*INSTRUCTIONS TO FOLLOW*. Only the lines below between the one holding "Multi-modal Knowledge Graph" and the one holding "a stoneware charger, painted", inclusive, are to be reproduced word for word; the pictures are to be left out.

*RECORDS SUPPLIED*.
***

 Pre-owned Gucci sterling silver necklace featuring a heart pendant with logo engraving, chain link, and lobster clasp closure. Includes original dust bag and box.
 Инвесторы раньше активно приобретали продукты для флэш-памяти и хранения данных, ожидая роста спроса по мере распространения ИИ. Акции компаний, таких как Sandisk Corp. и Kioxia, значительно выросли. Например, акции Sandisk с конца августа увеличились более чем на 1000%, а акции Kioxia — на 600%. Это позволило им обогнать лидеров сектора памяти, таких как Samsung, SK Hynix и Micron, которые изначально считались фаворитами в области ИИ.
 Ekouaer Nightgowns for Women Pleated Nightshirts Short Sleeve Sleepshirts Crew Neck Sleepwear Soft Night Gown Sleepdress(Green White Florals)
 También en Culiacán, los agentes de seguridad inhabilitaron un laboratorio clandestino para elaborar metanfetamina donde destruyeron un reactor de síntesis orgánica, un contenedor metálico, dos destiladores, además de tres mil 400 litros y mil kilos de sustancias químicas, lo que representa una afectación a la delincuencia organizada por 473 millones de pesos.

***

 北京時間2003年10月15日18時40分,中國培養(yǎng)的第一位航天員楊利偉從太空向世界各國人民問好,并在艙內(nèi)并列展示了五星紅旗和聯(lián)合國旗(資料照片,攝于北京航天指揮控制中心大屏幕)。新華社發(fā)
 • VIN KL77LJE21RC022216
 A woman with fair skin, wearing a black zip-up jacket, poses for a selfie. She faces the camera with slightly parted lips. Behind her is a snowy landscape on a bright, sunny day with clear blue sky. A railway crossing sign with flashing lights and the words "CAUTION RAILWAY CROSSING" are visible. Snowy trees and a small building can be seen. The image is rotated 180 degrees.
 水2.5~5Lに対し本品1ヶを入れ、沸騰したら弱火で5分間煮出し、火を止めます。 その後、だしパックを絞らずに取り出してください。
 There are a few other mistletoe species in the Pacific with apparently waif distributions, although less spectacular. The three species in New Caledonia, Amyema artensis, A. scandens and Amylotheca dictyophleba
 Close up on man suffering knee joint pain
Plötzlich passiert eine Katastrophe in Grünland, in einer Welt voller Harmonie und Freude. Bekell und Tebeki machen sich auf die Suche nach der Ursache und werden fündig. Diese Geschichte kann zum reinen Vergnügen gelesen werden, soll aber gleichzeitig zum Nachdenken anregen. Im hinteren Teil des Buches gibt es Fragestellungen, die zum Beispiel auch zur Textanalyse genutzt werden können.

***

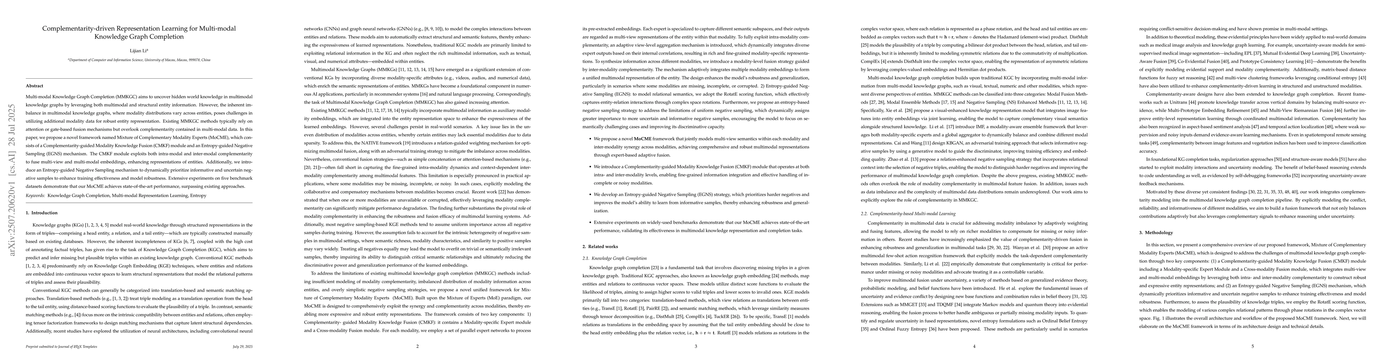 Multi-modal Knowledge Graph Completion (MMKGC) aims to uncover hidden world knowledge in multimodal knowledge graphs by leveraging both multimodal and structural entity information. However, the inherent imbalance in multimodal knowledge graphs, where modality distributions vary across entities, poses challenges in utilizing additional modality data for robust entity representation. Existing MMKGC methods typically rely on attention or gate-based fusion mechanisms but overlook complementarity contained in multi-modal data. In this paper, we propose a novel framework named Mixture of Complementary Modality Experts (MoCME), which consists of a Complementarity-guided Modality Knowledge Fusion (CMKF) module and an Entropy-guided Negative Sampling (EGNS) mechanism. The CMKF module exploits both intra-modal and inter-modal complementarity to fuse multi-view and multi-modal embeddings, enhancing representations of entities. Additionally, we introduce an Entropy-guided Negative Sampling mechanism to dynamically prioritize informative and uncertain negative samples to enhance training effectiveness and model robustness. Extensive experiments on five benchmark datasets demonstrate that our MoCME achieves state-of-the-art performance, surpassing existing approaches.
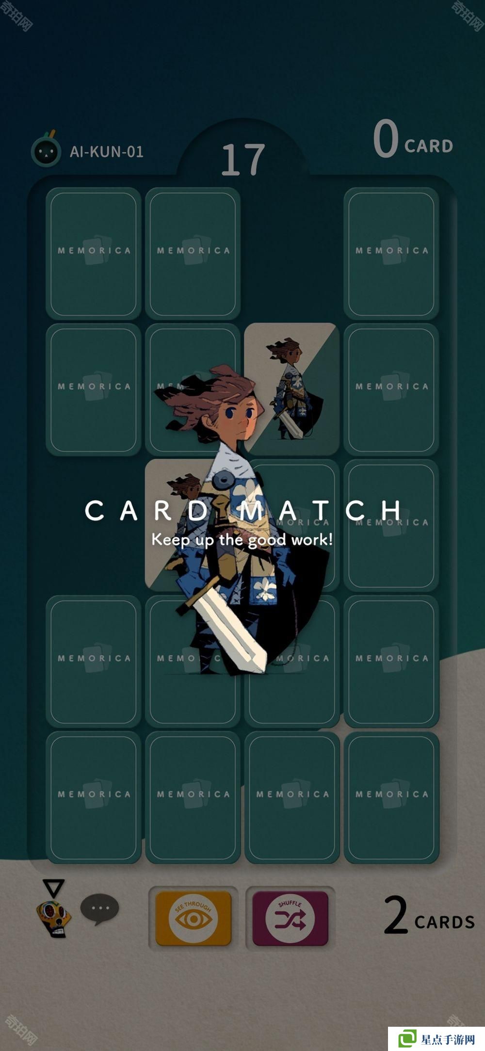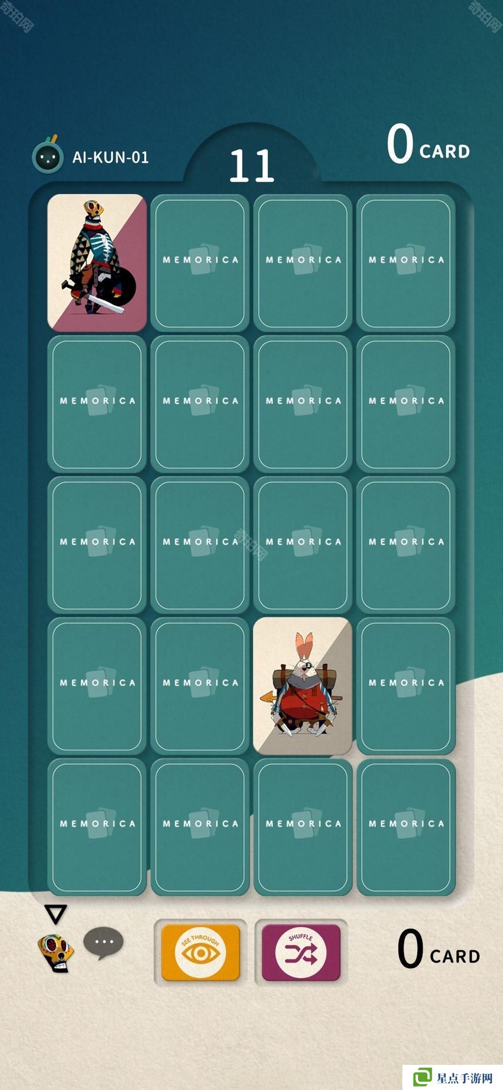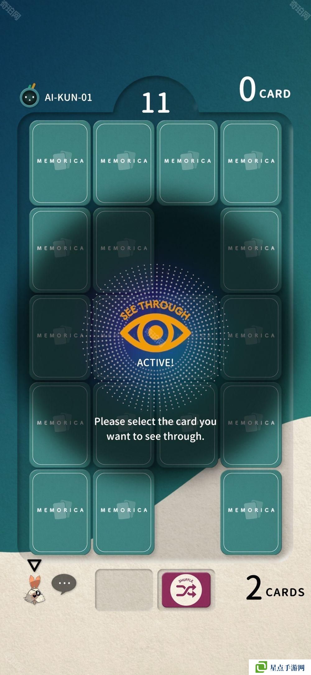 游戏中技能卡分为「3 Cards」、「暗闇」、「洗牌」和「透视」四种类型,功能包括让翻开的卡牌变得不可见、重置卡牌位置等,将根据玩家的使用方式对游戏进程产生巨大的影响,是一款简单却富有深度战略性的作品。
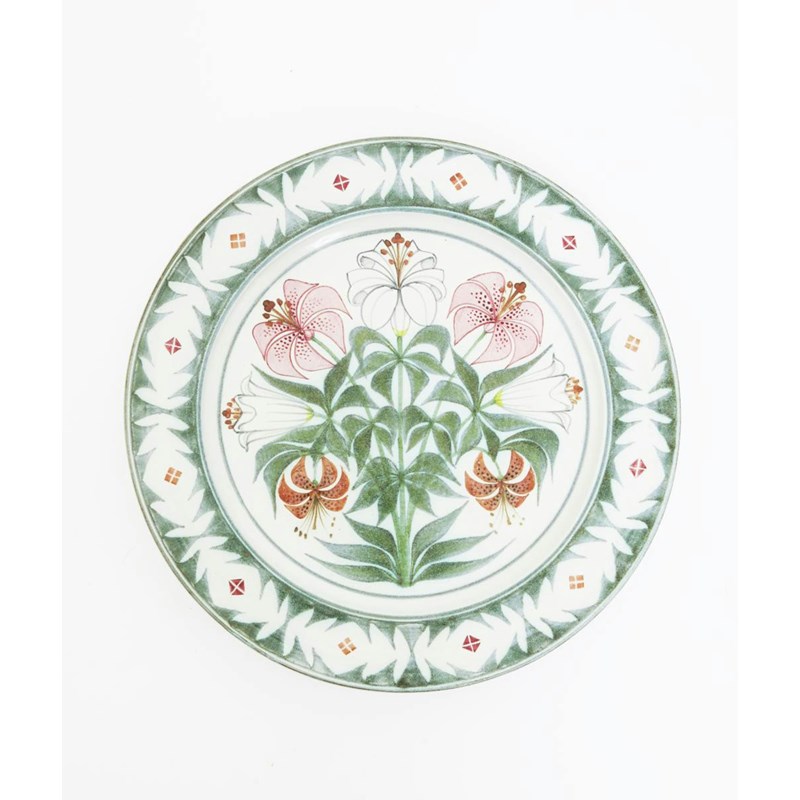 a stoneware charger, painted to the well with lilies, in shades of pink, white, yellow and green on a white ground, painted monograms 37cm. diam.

***

*RESPONSE TO THE EXERCISE*.
 Multi-modal Knowledge Graph Completion (MMKGC) aims to uncover hidden world knowledge in multimodal knowledge graphs by leveraging both multimodal and structural entity information. However, the inherent imbalance in multimodal knowledge graphs, where modality distributions vary across entities, poses challenges in utilizing additional modality data for robust entity representation. Existing MMKGC methods typically rely on attention or gate-based fusion mechanisms but overlook complementarity contained in multi-modal data. In this paper, we propose a novel framework named Mixture of Complementary Modality Experts (MoCME), which consists of a Complementarity-guided Modality Knowledge Fusion (CMKF) module and an Entropy-guided Negative Sampling (EGNS) mechanism. The CMKF module exploits both intra-modal and inter-modal complementarity to fuse multi-view and multi-modal embeddings, enhancing representations of entities. Additionally, we introduce an Entropy-guided Negative Sampling mechanism to dynamically prioritize informative and uncertain negative samples to enhance training effectiveness and model robustness. Extensive experiments on five benchmark datasets demonstrate that our MoCME achieves state-of-the-art performance, surpassing existing approaches.
 游戏中技能卡分为「3 Cards」、「暗闇」、「洗牌」和「透视」四种类型,功能包括让翻开的卡牌变得不可见、重置卡牌位置等,将根据玩家的使用方式对游戏进程产生巨大的影响,是一款简单却富有深度战略性的作品。
 a stoneware charger, painted to the well with lilies, in shades of pink, white, yellow and green on a white ground, painted monograms 37cm. diam.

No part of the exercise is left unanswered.